He thinks about it for a moment. "Fine, come get a wheel chair. She'll have to wear a mask so she doesn't pick up some nasty germs, and be carful."

He gets me all the stuff she needs, goes into his office where we've been keeping Nessie's things in case she needs them and comes back with a sun dress.

"And most of all, have fun." He smiles kindly.

"Thank you Carlisle."

I race back to Nessies room, to other people I probably look like I belong in the mental ward, I'm grinning from ear to ear and tripping over the wheelchair that I push in front of me, a blue dress draped over my shoulder. Yes, deffinetly, I look like I belong in a padded cell.

I'm surprised that Nessie puts up a tiny fight, she wants to go, I know it, but she wants to make everyone happy, and that means staying safe.

But as soon as we leave, I see that she's been aching for this all along. She stares out the window, taking everything in.

We're only at the beach for an hour at the most. I was hoping to stay for the sunset. I mess it all up though and Nessie wants to go back.

* * *

**What do you like so far? What can I improve? Tell me in the comments! **


	6. Wish it would end

**This is my favorite chapter in the whole stroy, its so important and so sweet. I hope you all like it!**

* * *

Nessie's POV

The door to my room opens and Grandpa comes in, I try to read his face but it's impossible, the only thing is a deadness in his eyes.

Jacobs arms squeeze my shoulders, today we get the results of the chemo, if it worked or not.

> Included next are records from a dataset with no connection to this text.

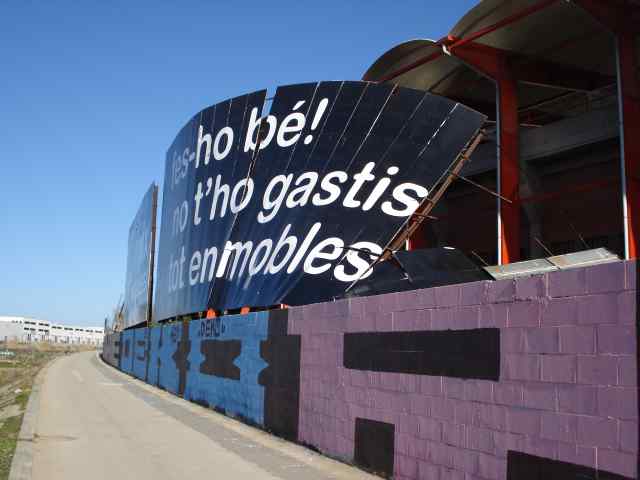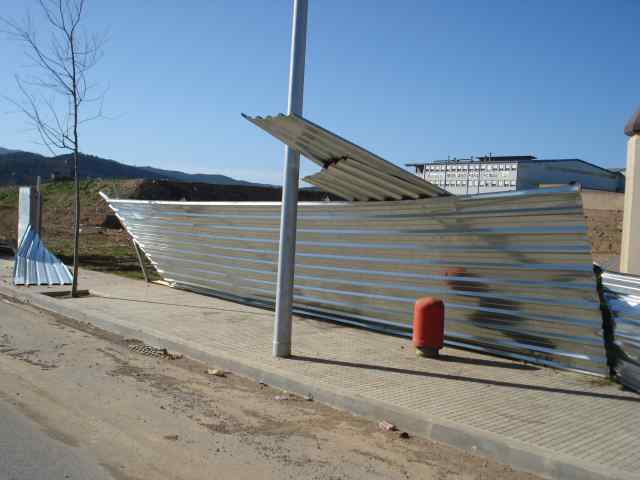 FOTO1: Les tanques publicitàries del camp de futbol es van tombar degut al fort vent.
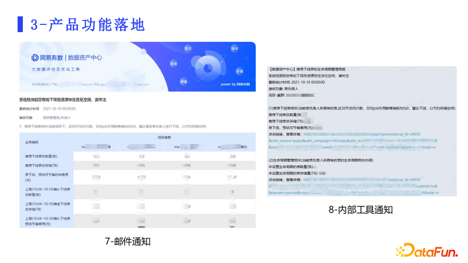 邮件通知 & 内部工具通知:通知内容分为了两个视角,一方面是治理负责人,可以了解当前自己还有哪些数据需要进行治理,治理后可以给项目节省多少年费用;另一方面是项目的管理员/负责人,可以知道当前项目下一共还有多少数据需要治理,治理后总共可以节省多少年费用,也可以知道整个项目中治理做的好的负责人Top5,以及还有哪些人占据的成本最多,可以以此为依据,催促负责人进行治理工作。
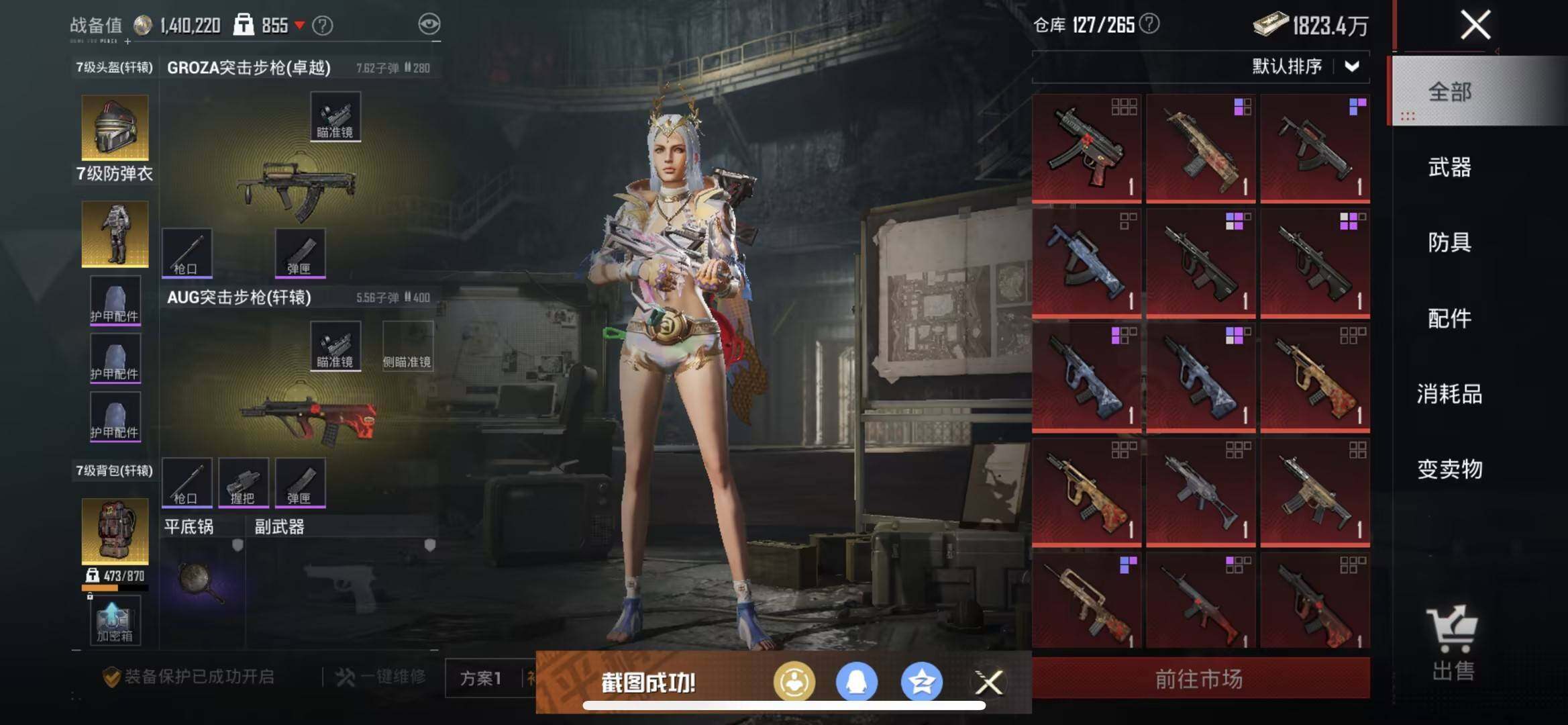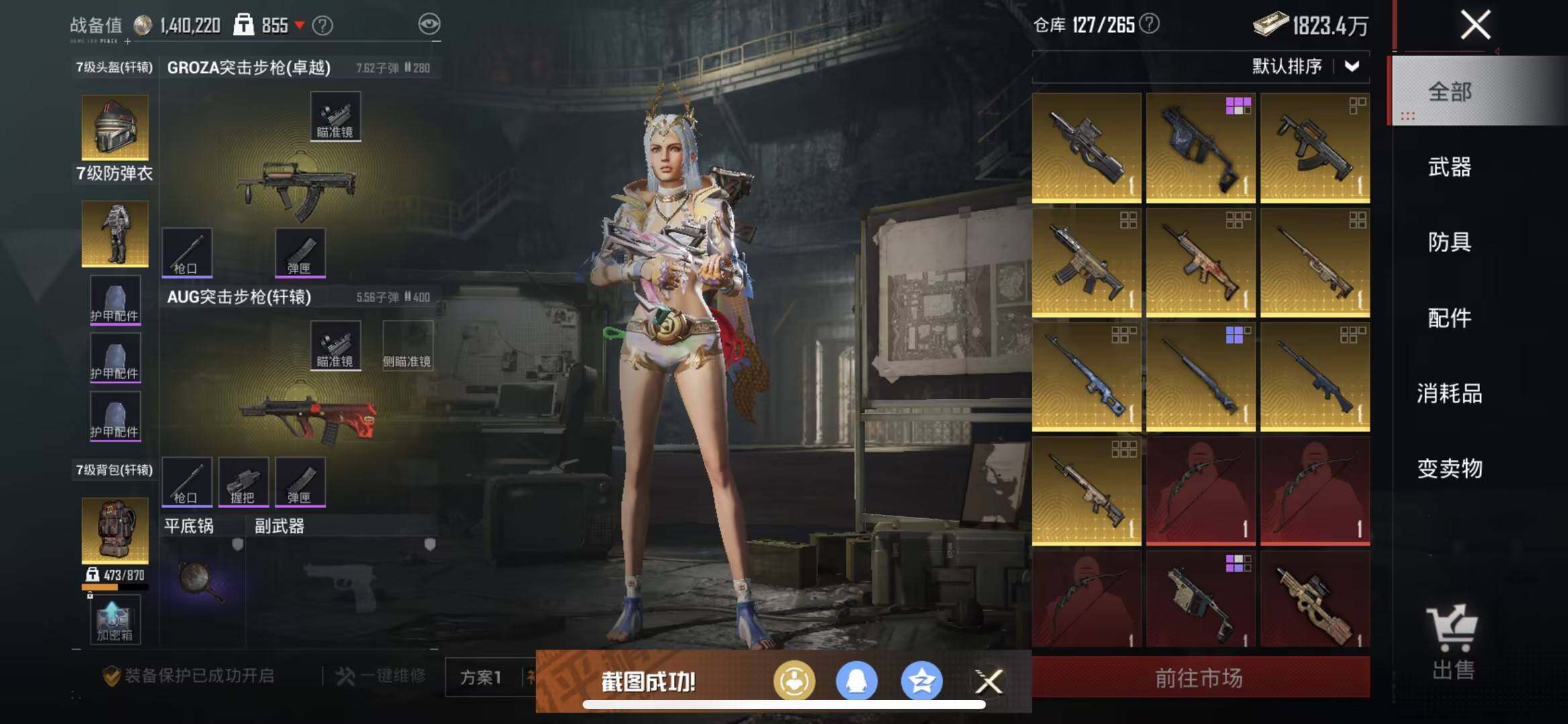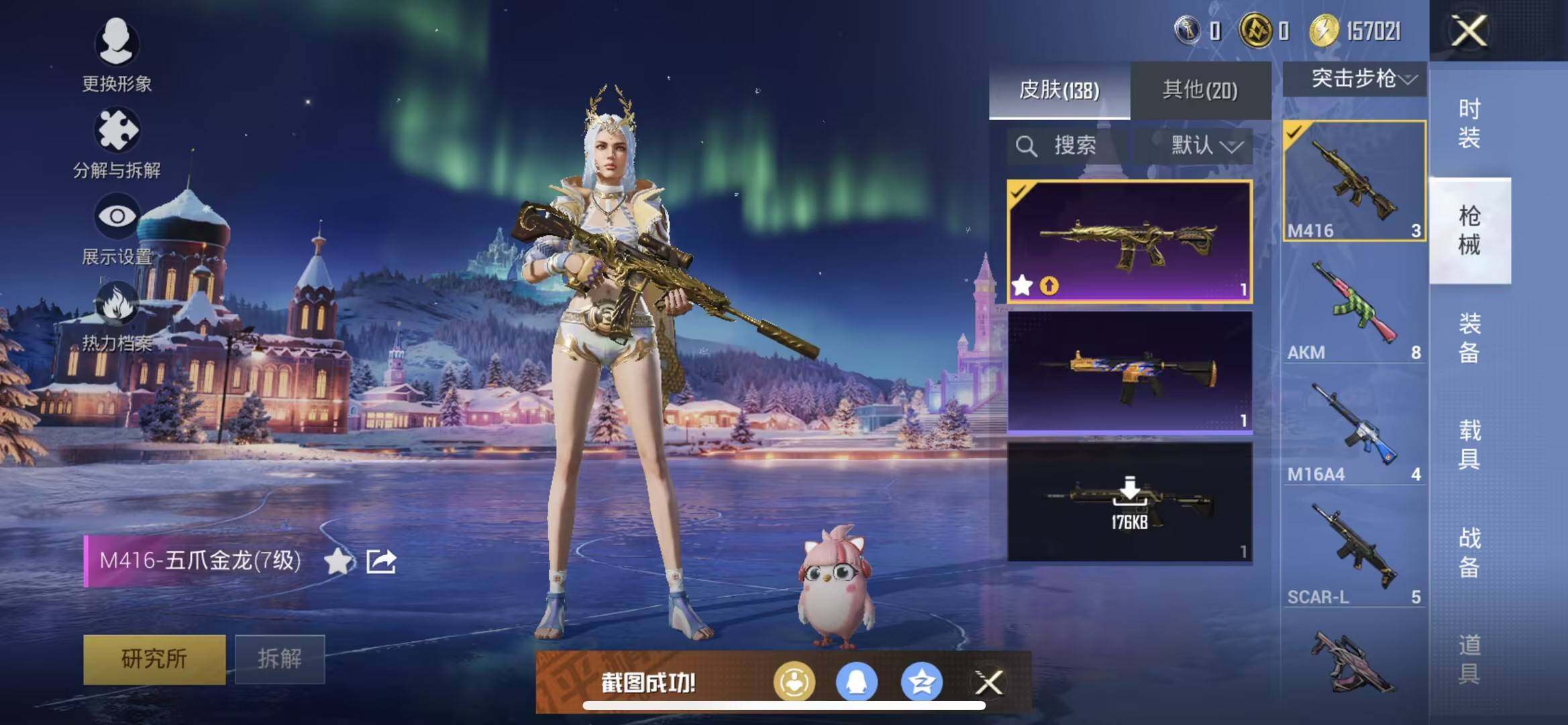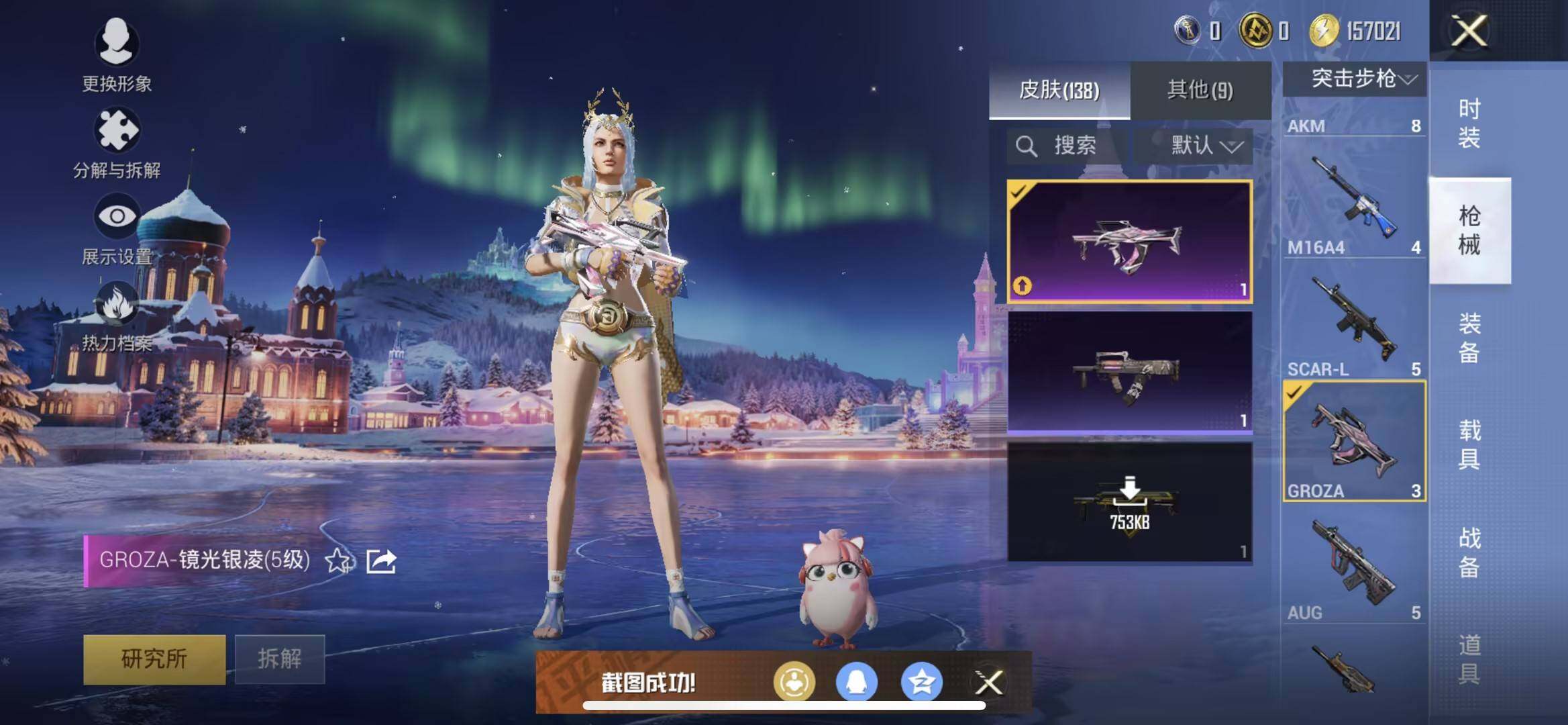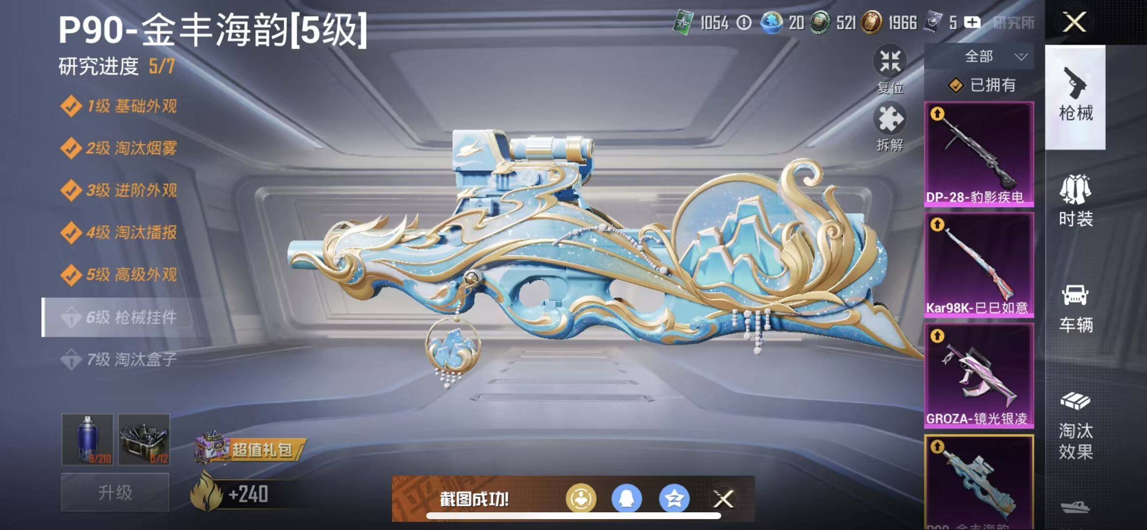 【粉色枪皮等级】:M416-五爪金龙(七级),GROZA-镜光银凌(五级),UMP45-量子极限(五级),P90-金丰海韵(五级),K

It's been a month and a half in the hospital, each week I get a dose of chemotherapy. I've gotten better at handling it, pushing back the sickness and trying to hold in the worst of the pain. Its the least I can do for my family now, they don't have to watch me suffer. Well dad has to hear it, but I hope he's just not listening.

Grandpa sits down on the side of the bed, I try to look hopeful while inside all I feel is despair and a ghost of hope.

"Nessies chemo didn't work, but that's normal. Most patients aren't cured the first time around."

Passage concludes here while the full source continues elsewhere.